Leave out all pictures. Return exactly the lines from the top of the material through the line containing "5月8日上午,在湖北医药学院".

# Stored data:

+-------+

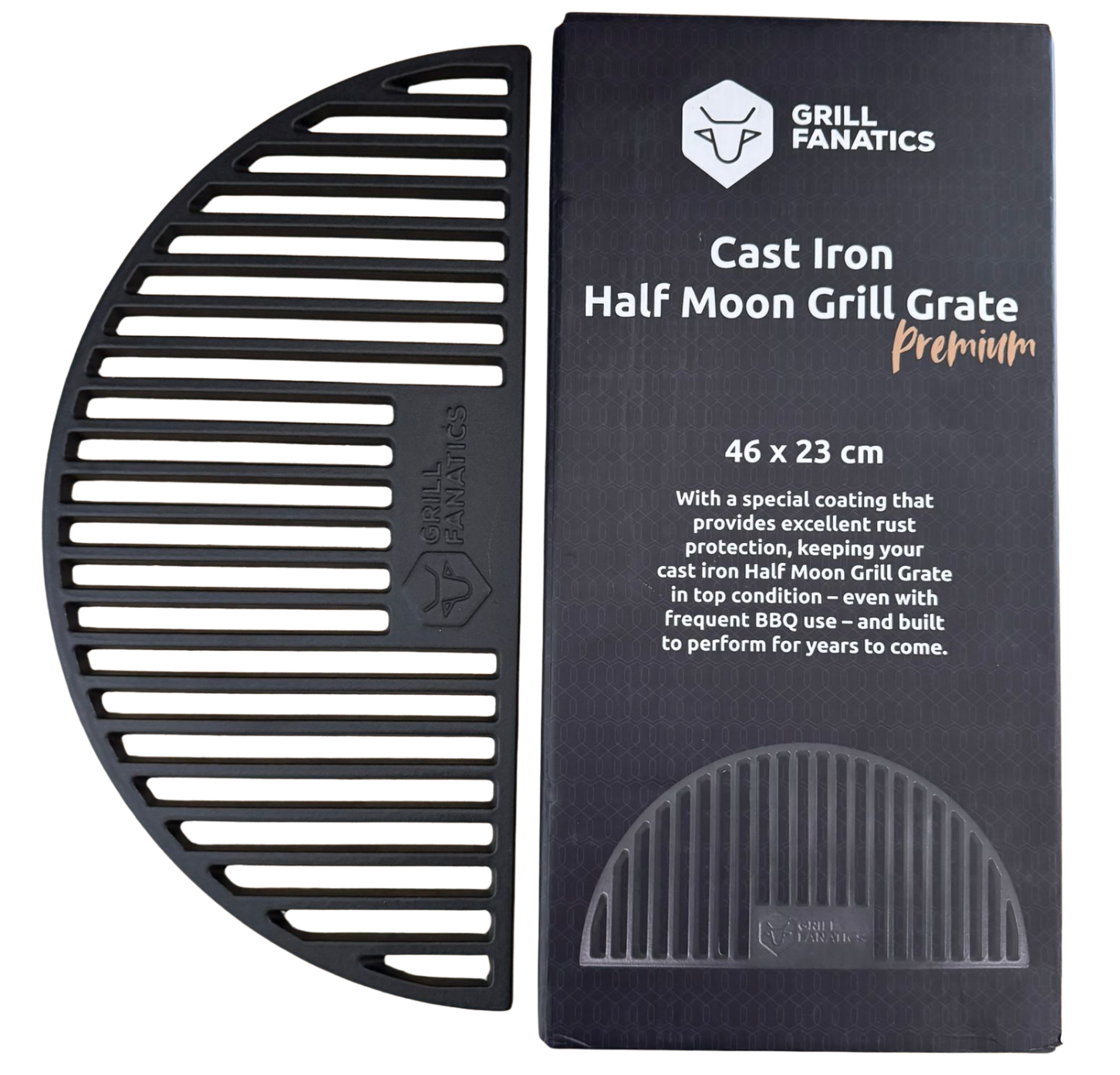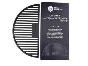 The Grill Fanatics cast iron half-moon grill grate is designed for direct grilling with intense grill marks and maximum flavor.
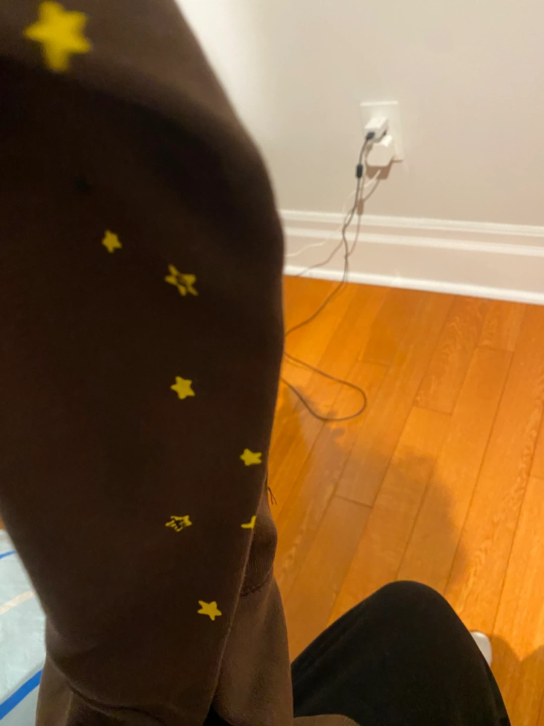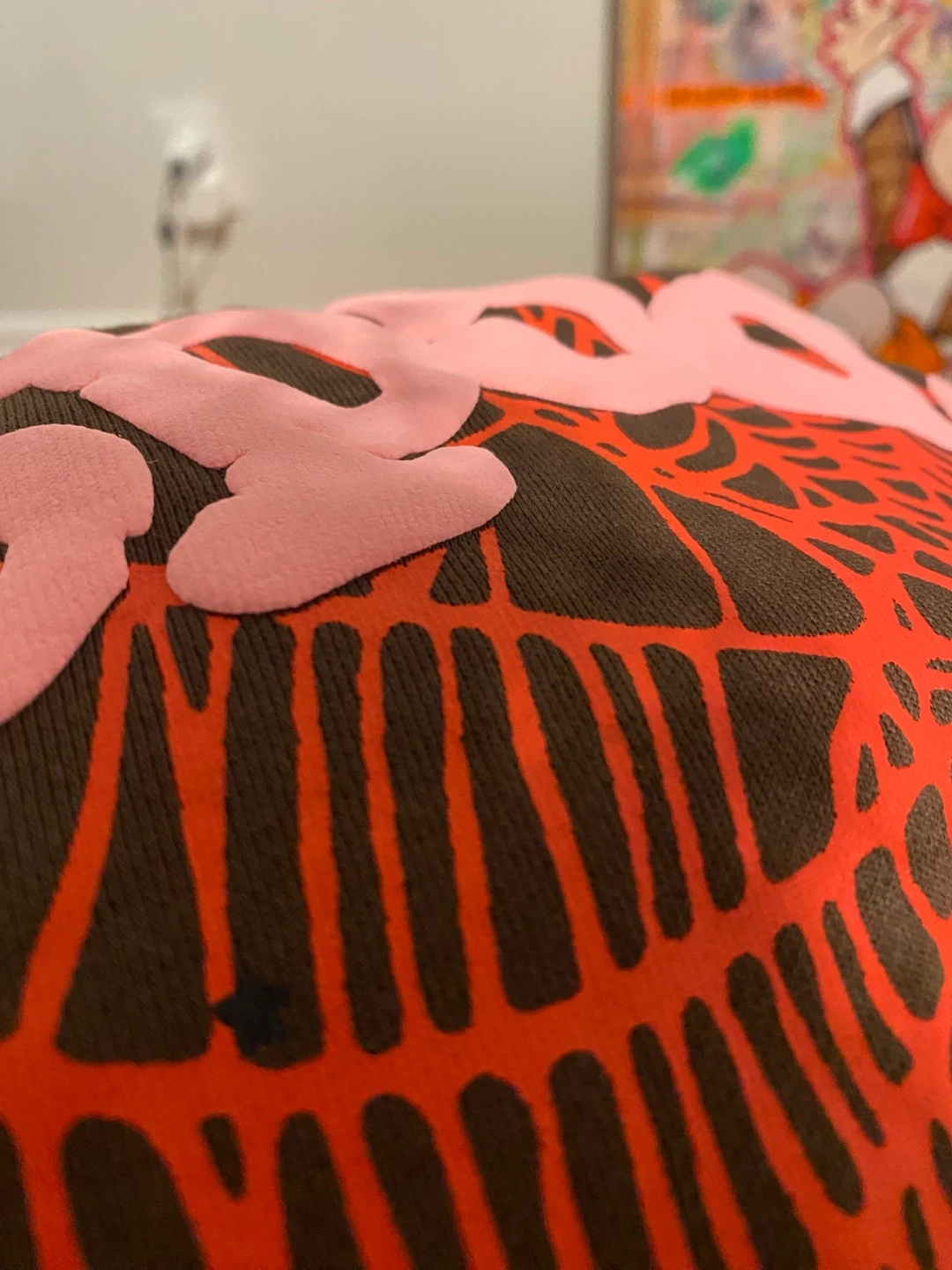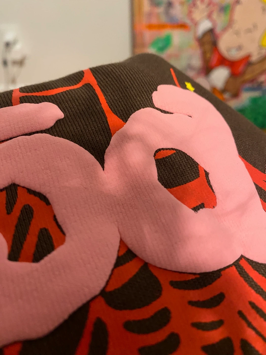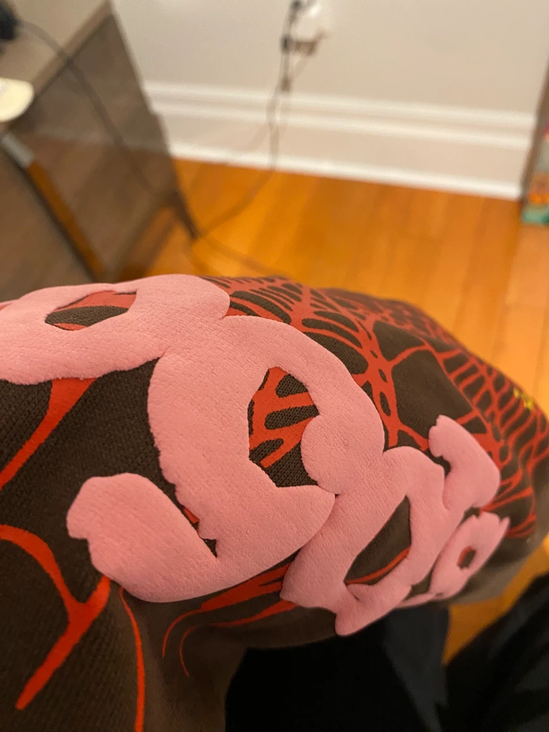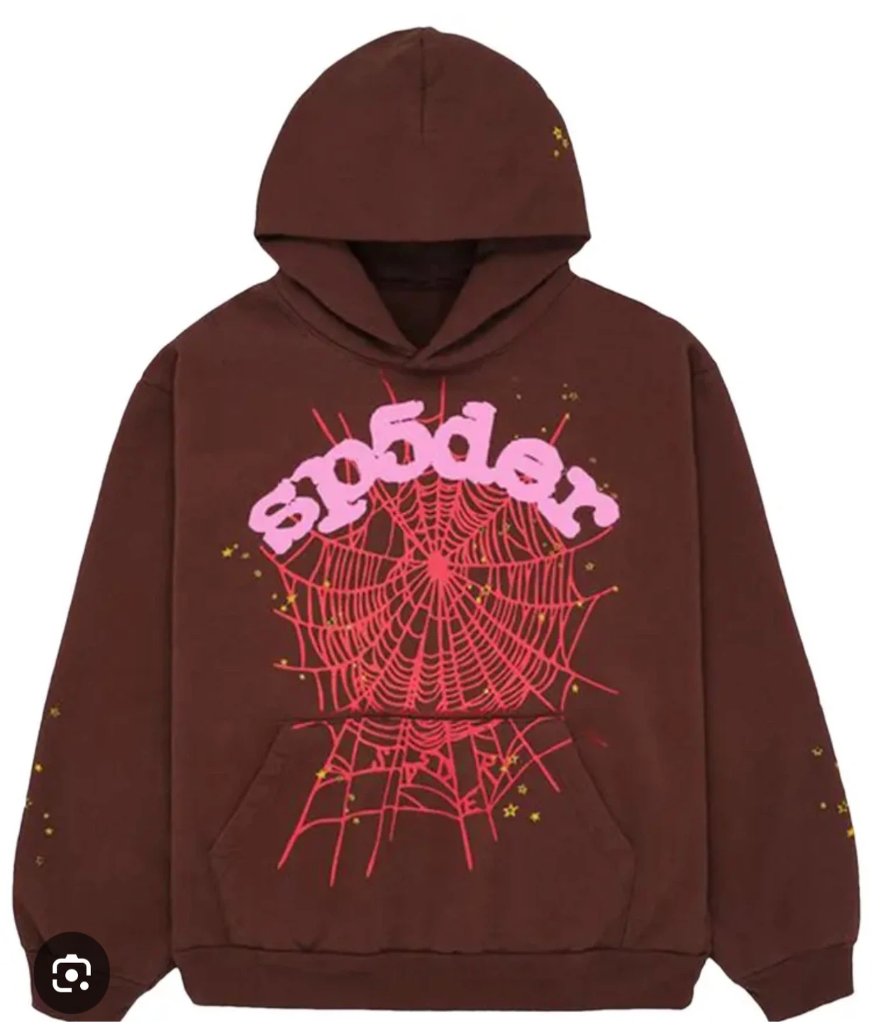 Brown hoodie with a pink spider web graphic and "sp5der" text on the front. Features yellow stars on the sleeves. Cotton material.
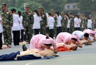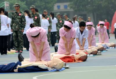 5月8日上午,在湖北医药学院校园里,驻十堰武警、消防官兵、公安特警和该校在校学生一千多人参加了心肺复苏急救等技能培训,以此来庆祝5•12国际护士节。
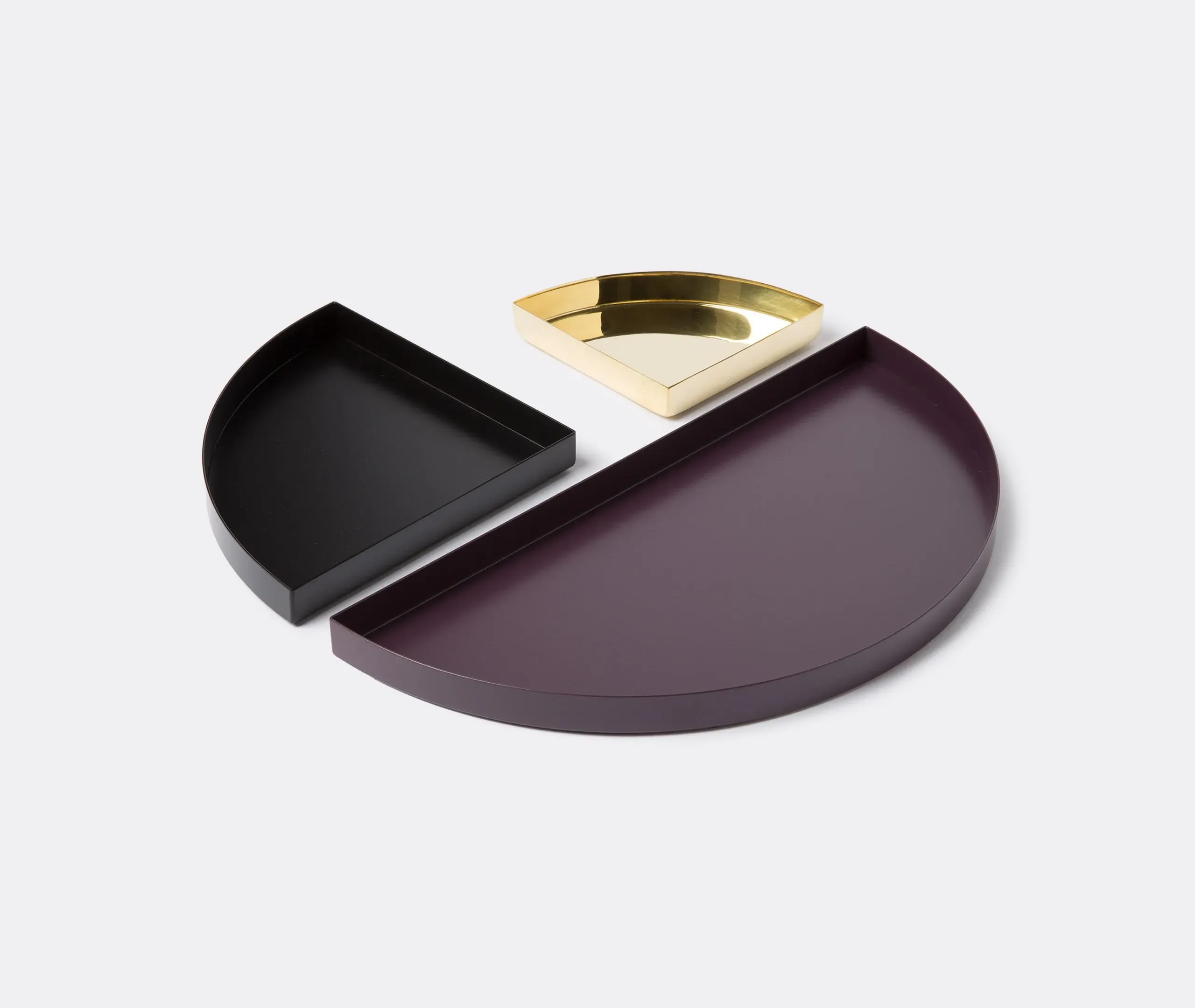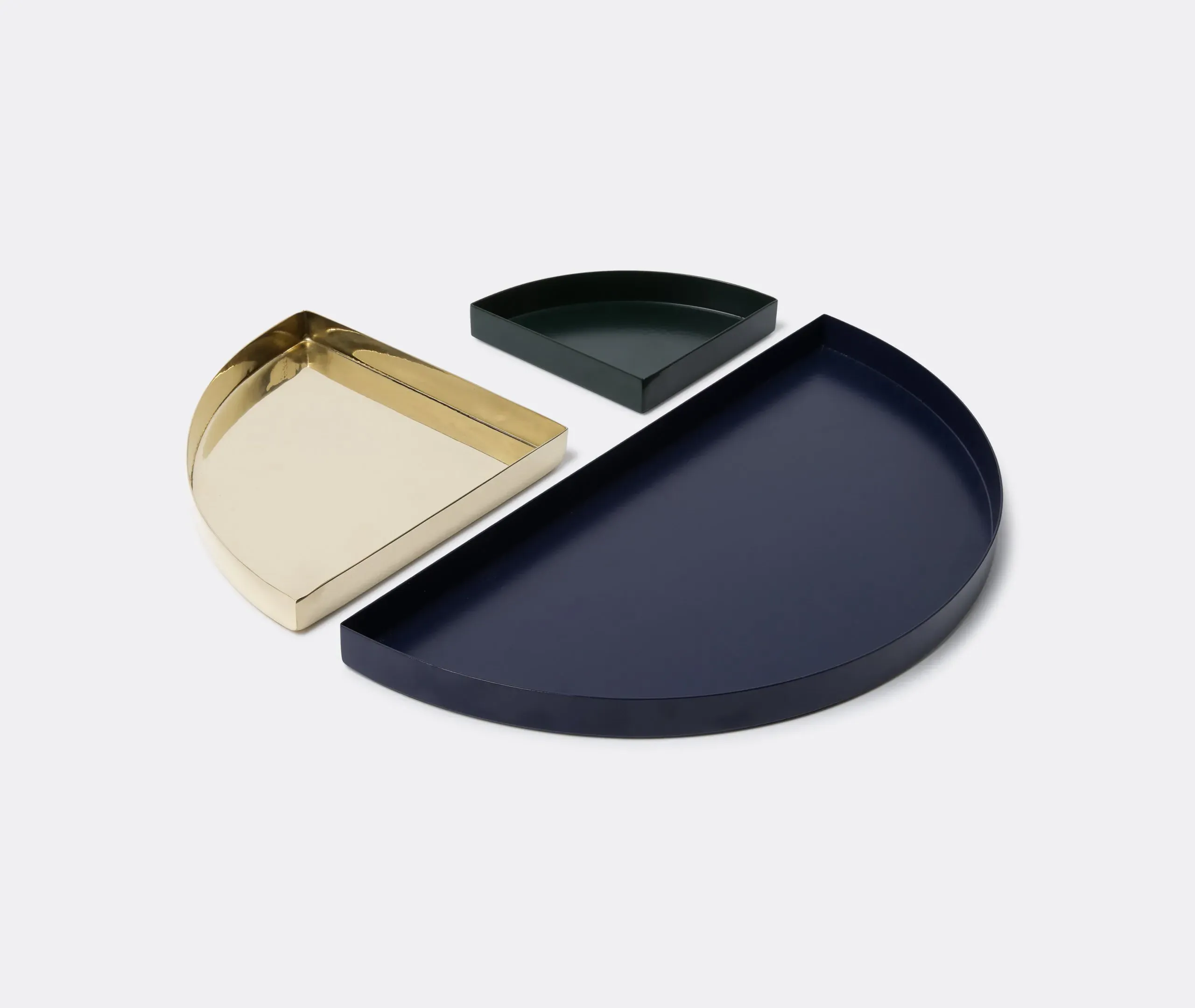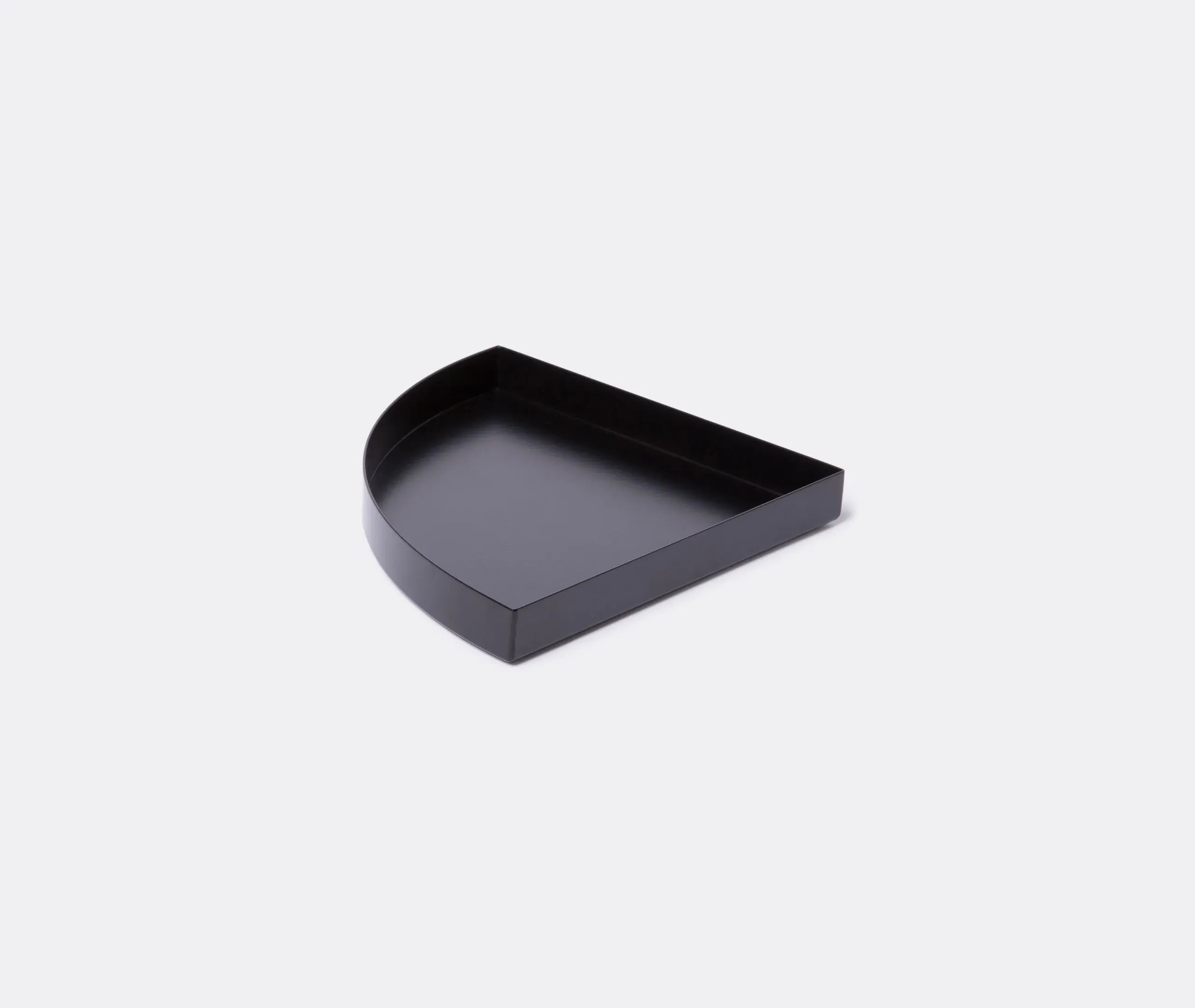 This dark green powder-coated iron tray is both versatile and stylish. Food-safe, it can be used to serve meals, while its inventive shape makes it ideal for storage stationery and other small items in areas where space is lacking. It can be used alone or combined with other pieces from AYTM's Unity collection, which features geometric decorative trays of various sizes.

+-------+

# Output:
 The Grill Fanatics cast iron half-moon grill grate is designed for direct grilling with intense grill marks and maximum flavor.
 Brown hoodie with a pink spider web graphic and "sp5der" text on the front. Features yellow stars on the sleeves. Cotton material.
 5月8日上午,在湖北医药学院校园里,驻十堰武警、消防官兵、公安特警和该校在校学生一千多人参加了心肺复苏急救等技能培训,以此来庆祝5•12国际护士节。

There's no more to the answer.